Particulates are a functional reality in sterile drug manufacturing, whether the product is aseptically produced or terminally
sterilized. This reality is why standards call for "essential" freedom from visible particles and why the compendial limits
for total particulate are considerably higher than microbial expectations.
It follows, then, that requiring a firm to investigate any and all excursions is essentially pointless, because it would be
investigating completely routine and normal conditions. A more appropriate expectation is that firms maintain their operations
within a validated state of control and that in the interest of continuous process improvement they evaluate means of reducing
particulate levels.
In the authors' experience in aseptic processing, periodic excursions do not routinely manifest themselves in high product-rejection
rates or customer complaints. Periodic excursions above ISO 5 in the critical zone as a result of normal process operations
do not increase risk to the patient. In fact, in the authors' experience, airborne particulate is less likely to correlate
to visible particulate than is container cleaning or closure cleaning and feeding.

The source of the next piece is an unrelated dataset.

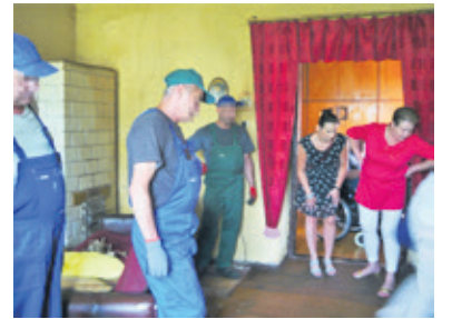
Pracownicy MOPS-u oraz fachowcy z PGKiM-u i ZM sprawdzili stan mieszkania

Performance expectations have to be realistic. Often excursions can be correlated to a routine activity such as restocking
a parts hopper. It is not reasonable to expect a complete absence of airborne contamination in any manned ISO 5 environment,
nor is it reasonable to consider that a minor, brief excursion violates classification requirements. It is reasonable to expect
firms to design their manned facilities and closed RABS to handle personnel loads and production capacities, which means in
general that these facilities must provide sufficient air-exchange rates. Isolators, given their relatively low enclosed volume
and absence of personnel, operate perfectly satisfactorily at lower air-exchange rates. Pragmatic engineering and realistic
appraisals of performance should carry the day.